» **How to complete this task**: Exclude the pictures, then copy word for word the lines running from the beginning of the records through the line with "骆驼黑钻5奶茶棕羽绒服男女款冬季新款加厚保暖连帽面包服外套".

****************

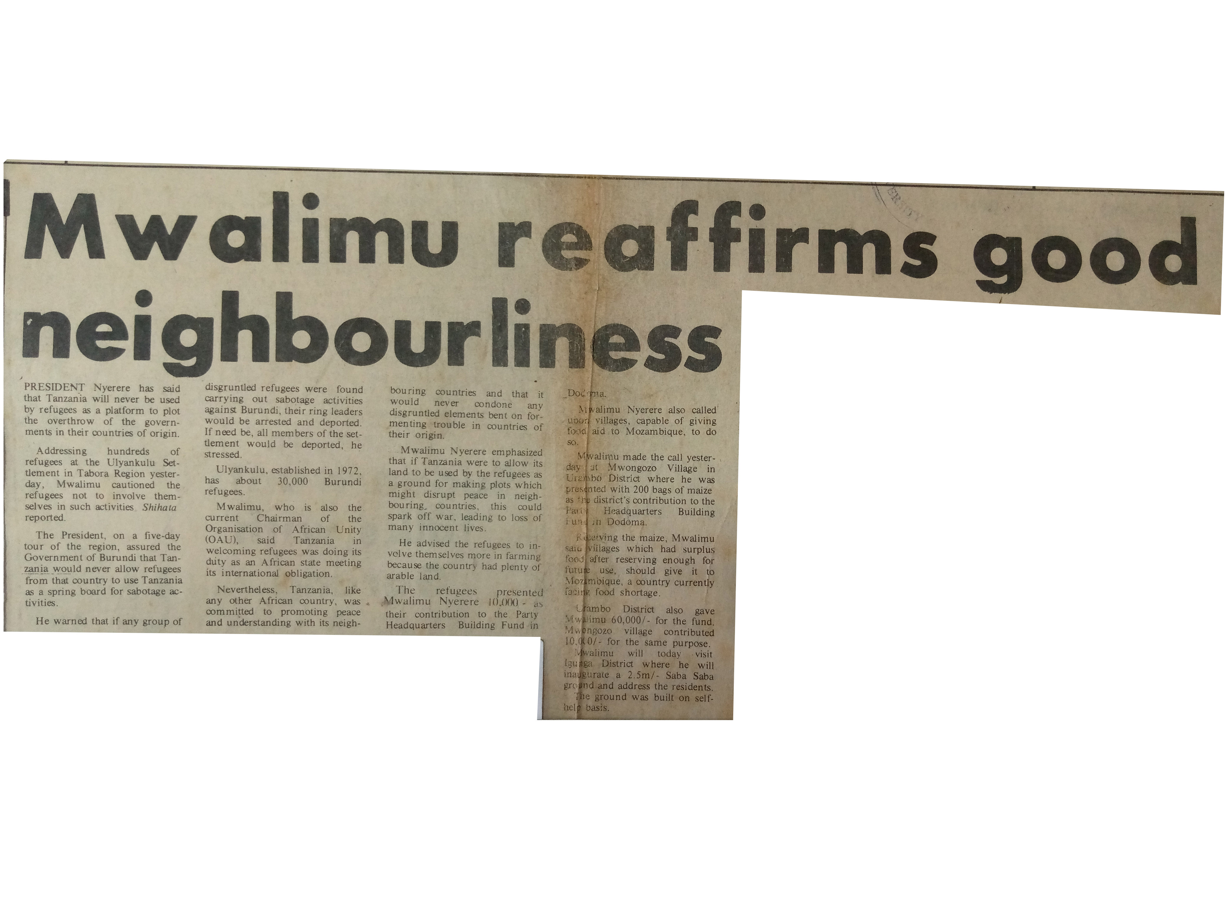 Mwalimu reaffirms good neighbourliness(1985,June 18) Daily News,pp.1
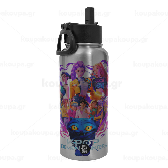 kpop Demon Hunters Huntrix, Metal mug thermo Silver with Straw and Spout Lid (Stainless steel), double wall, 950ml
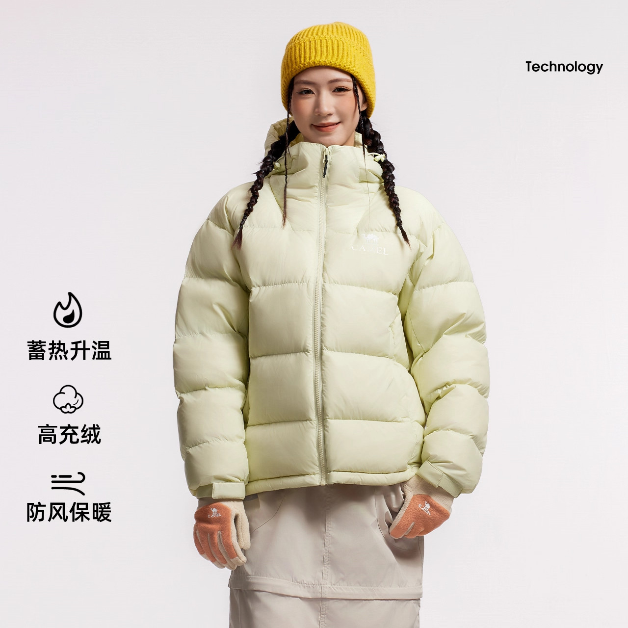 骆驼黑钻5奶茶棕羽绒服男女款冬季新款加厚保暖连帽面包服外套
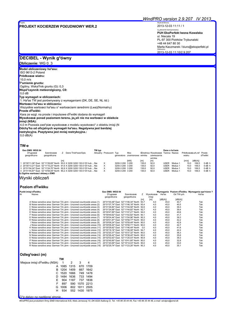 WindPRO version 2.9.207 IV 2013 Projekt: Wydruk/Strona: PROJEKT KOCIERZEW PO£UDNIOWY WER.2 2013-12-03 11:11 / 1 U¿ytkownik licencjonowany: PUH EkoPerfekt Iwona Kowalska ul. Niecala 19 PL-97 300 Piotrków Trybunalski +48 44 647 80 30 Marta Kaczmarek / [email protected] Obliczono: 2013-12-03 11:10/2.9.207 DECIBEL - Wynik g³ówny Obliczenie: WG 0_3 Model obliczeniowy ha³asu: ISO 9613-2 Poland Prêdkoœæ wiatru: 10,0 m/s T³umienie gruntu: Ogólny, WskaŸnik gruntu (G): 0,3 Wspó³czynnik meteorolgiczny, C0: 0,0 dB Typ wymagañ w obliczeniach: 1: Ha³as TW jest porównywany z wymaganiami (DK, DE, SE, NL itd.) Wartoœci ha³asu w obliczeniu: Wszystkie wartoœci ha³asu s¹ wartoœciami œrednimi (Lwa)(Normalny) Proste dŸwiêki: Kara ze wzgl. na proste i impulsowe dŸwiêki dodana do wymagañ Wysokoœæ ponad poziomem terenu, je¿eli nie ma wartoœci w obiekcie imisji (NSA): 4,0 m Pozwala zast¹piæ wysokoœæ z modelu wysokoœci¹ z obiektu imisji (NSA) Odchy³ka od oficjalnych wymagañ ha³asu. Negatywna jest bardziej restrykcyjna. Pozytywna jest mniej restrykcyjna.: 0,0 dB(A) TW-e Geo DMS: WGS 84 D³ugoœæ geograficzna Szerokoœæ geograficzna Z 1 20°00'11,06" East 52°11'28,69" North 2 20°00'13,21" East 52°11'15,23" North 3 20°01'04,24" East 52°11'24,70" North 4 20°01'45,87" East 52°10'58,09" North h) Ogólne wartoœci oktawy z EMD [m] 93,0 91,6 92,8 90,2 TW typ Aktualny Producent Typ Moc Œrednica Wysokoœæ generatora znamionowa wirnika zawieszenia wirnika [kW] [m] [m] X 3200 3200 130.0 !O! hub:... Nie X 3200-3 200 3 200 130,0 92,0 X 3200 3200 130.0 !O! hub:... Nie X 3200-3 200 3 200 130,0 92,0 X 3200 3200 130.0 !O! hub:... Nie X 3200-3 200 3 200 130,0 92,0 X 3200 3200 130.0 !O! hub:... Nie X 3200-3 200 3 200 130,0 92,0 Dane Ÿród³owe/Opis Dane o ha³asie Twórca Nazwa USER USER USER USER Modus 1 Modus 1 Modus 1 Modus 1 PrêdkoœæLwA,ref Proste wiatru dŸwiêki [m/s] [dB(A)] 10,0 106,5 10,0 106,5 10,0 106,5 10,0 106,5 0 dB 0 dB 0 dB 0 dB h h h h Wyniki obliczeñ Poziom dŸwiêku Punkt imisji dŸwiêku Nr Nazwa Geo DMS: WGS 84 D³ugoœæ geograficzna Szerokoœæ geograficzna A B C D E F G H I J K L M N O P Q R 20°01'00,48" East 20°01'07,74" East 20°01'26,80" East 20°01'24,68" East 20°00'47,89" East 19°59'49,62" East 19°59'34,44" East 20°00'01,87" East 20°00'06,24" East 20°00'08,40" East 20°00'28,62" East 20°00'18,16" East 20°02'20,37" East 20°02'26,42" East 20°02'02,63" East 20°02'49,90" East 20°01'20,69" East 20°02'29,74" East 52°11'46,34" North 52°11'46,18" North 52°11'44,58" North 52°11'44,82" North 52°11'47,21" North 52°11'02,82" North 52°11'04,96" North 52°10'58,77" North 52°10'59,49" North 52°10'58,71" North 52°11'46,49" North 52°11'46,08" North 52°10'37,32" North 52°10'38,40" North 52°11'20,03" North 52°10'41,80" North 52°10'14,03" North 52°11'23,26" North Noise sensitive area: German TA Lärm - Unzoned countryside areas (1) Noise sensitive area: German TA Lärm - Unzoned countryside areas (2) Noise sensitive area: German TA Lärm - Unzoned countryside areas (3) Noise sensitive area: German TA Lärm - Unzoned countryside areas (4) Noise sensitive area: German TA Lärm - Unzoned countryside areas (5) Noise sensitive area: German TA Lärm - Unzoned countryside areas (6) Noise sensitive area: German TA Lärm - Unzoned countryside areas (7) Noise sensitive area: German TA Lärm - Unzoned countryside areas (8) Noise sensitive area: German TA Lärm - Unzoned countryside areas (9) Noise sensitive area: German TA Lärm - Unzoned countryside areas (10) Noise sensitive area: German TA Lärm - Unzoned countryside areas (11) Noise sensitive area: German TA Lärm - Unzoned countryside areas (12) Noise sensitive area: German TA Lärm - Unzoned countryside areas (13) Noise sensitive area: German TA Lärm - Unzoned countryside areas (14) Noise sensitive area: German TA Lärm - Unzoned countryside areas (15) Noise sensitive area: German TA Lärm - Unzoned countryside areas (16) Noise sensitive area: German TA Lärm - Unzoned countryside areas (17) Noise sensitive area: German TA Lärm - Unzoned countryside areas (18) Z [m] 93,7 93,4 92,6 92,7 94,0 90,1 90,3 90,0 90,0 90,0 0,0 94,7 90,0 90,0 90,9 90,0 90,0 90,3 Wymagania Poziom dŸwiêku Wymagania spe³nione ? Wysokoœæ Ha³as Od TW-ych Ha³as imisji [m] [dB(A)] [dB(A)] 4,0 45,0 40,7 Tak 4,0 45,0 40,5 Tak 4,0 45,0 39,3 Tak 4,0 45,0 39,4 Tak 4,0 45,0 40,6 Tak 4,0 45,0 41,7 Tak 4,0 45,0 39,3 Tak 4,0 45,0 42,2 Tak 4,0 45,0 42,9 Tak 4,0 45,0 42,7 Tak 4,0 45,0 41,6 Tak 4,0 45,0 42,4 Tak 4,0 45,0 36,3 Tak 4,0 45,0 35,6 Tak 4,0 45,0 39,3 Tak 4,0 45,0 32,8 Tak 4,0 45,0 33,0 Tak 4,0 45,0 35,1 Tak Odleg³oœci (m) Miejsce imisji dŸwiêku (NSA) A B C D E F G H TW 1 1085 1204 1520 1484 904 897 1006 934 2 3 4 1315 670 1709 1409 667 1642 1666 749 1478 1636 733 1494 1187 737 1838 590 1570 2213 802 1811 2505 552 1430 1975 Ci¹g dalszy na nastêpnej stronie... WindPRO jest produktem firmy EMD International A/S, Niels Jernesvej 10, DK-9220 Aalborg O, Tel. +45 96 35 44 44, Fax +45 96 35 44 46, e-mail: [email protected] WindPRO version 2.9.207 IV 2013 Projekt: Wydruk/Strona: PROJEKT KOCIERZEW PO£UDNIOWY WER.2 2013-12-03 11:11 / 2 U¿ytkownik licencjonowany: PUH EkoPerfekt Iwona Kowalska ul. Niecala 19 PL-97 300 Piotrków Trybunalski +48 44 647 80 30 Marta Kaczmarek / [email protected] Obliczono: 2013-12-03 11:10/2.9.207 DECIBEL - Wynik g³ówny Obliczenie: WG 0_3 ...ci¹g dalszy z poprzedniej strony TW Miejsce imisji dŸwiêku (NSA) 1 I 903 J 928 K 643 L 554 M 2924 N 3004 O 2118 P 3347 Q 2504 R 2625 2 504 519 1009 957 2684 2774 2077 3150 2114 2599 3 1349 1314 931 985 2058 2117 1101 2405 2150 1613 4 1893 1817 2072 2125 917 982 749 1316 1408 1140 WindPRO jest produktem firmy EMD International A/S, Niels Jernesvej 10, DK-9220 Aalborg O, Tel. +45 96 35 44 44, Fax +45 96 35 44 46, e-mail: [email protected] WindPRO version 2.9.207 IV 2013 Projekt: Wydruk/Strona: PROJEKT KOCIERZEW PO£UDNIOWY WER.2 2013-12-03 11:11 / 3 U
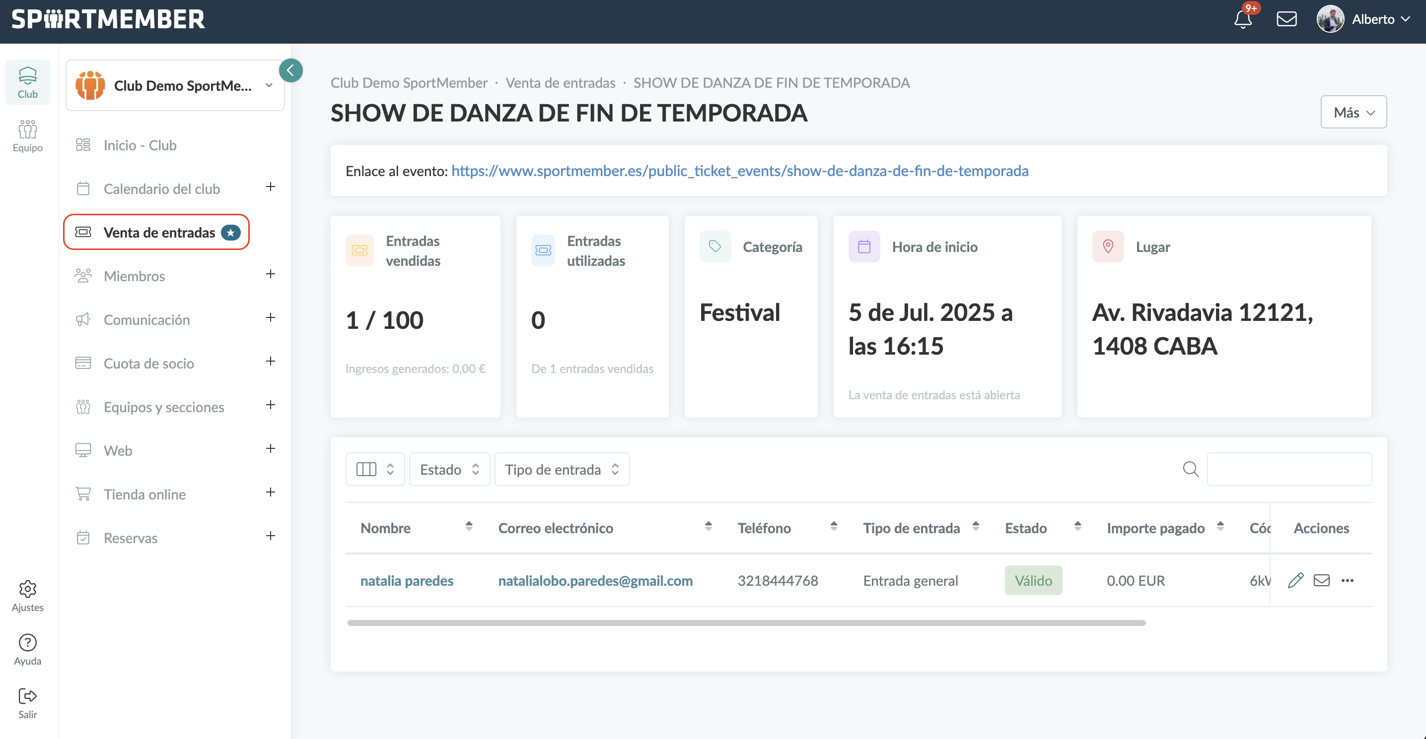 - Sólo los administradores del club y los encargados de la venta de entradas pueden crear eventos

****************

» **Result**:
 Mwalimu reaffirms good neighbourliness(1985,June 18) Daily News,pp.1
 kpop Demon Hunters Huntrix, Metal mug thermo Silver with Straw and Spout Lid (Stainless steel), double wall, 950ml
 骆驼黑钻5奶茶棕羽绒服男女款冬季新款加厚保暖连帽面包服外套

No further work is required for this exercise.